Thus it is plausible, though far from proven, that fertilizer runoff could result in increased proliferation of phytoplankton, leading to increased absorption of sunlight and, potentially, higher sea surface temperatures. In addition, there are other paths by which energy might be released, such as water vaporization, storms, current changes, etc.
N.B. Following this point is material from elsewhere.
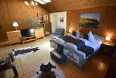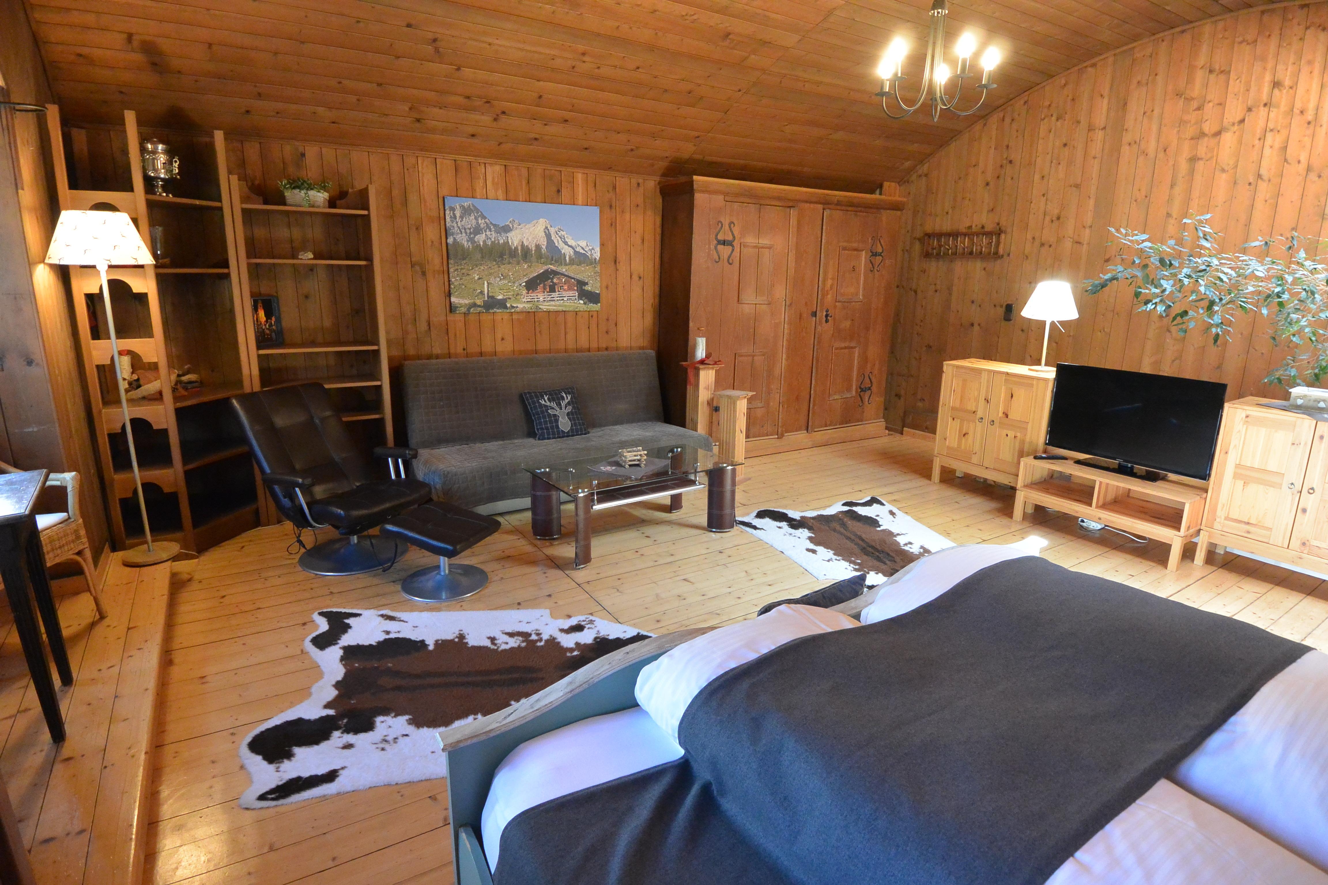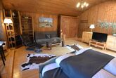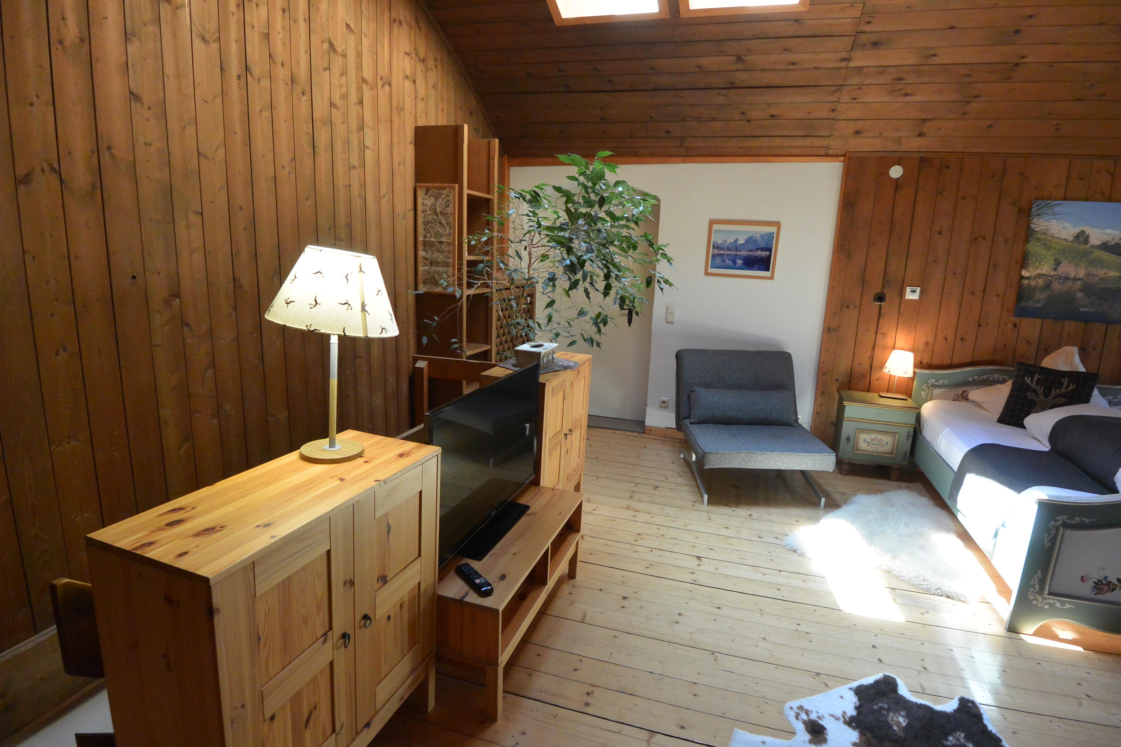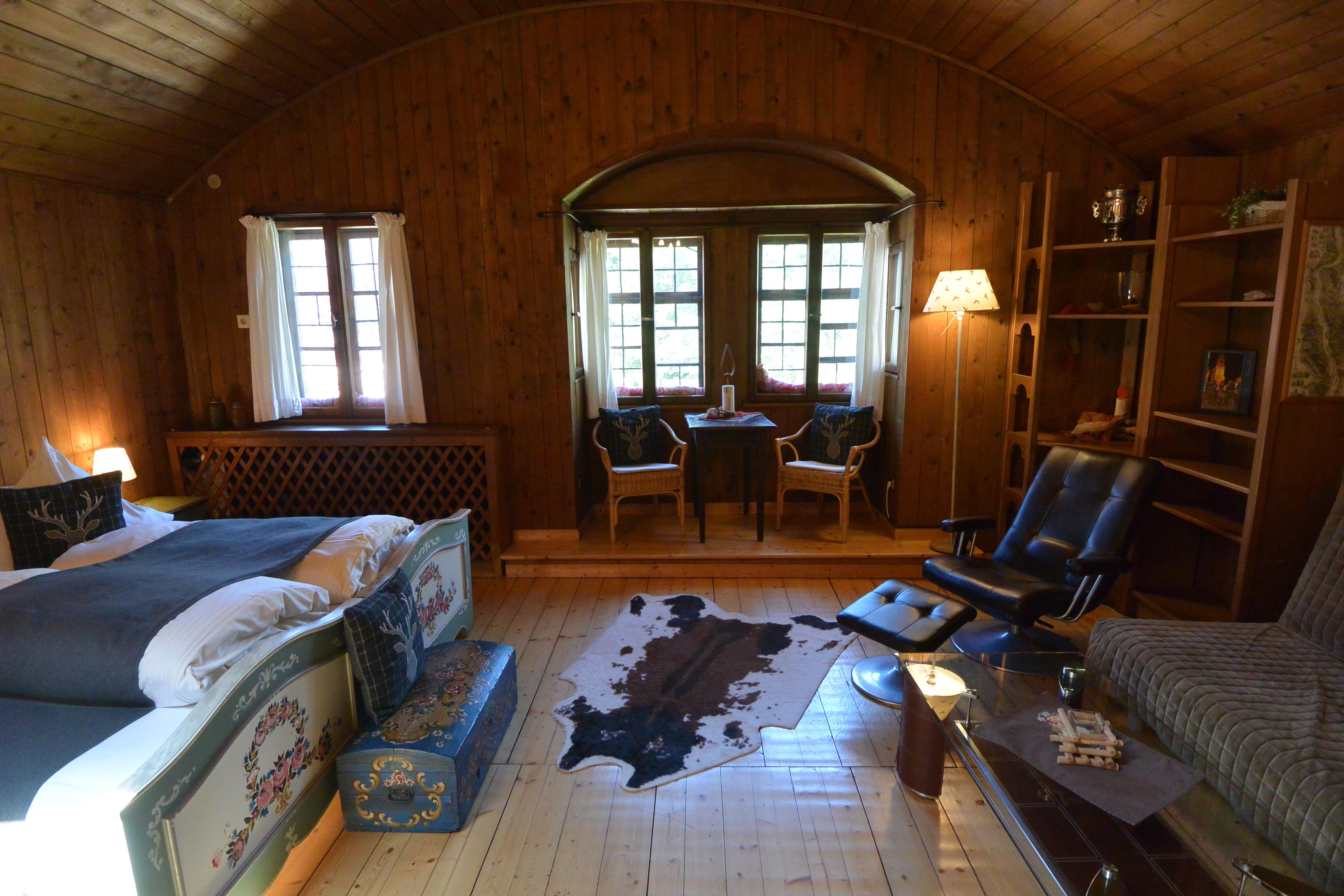 Im ersten Stock erwartet Sie ein großer Wohnschlafraum. Der Wohnbereich verfügt über eine gemütliche Couchgruppe und einen Erker, der für zusätzlichen Charme sorgt. Der Schlafbereich ist optimal abgeteilt und bietet Ihnen Doppelbetten, die bei Bedarf auch getrennt werden können. Ein begehbarer Schrank bietet ausreichend Platz für Ihre Kleidung.

Figure 1. Stamnes and Jin Estimate of Oceanic Heating Rate for a Clear Day at the
Summer Solstice for Clear Seawater.10
Summer Solstice for Clear Seawater.10
Figure 2. Stamnes and Jin Estimate of Oceanic Heating Rate for a Clear Day at the
Winter Solstice for Turbid (1 g/cm3) Seawater.10
IMPLICATIONS
The hypothesis presented here is supported only by first order calculations which carry very large uncertainties. A number of substantial refinements could be proposed to attempt to make a better estimate. In particular, there may be ways to resolve the issue via experimental observations and analysis of existing data bases. To that end, the following suggestions are proposed as means to distinguish between observed temperature fluctuations can be due to CO2-induced greenhouse warming, or to some sort of ocean warming effect such as the effect theorized here. Specifically,
a. One of the effects of greenhouse warming is to mitigate cooling at night. Allthough separating the effects of humidity and cloud cover is problematic, a study of the historical record might show significant night (air temperature) warming for recent years if greenhouse-type warming is the dominant effect.
b. If solar absorption in the ocean were being enhanced, this would show a larger
daily temperature rise under sunlit conditions, compared to the same measurement of decades past. The latter effect is likely to be on the order of a few percent of the total daily temperature change.
c. Comparison of sea surface temperature (SST) with marine air temperature
(MAT) should show that SST increase is a larger increase than MAT if the “greenhouse from below” ocean warming hypotheses is correct. Conversely, if CO2-induced greenhouse hypothesis is correct, the temperature increase should be observed primarily in the atmosphere, and the increase in MAT might be larger than the increase in SST.
d. SST should be correlated with regions of high algae growth. Moreover, fertilizer runoff is more strongly associated with the northern hemisphere than the southern hemisphere, so the global temperature rise might be more pronounced in the northern hemisphere than the southern hemisphere, as perhaps suggested by Figure 3.
e. Sampling of seawater at different locations and depths would allow direct experimental measurement of extinction coefficient as a function of phytoplankton concentration. This may be relevant to the claimed degradation of coral reefs, if the solar flux has diminished as a function of depth as hypothesized here.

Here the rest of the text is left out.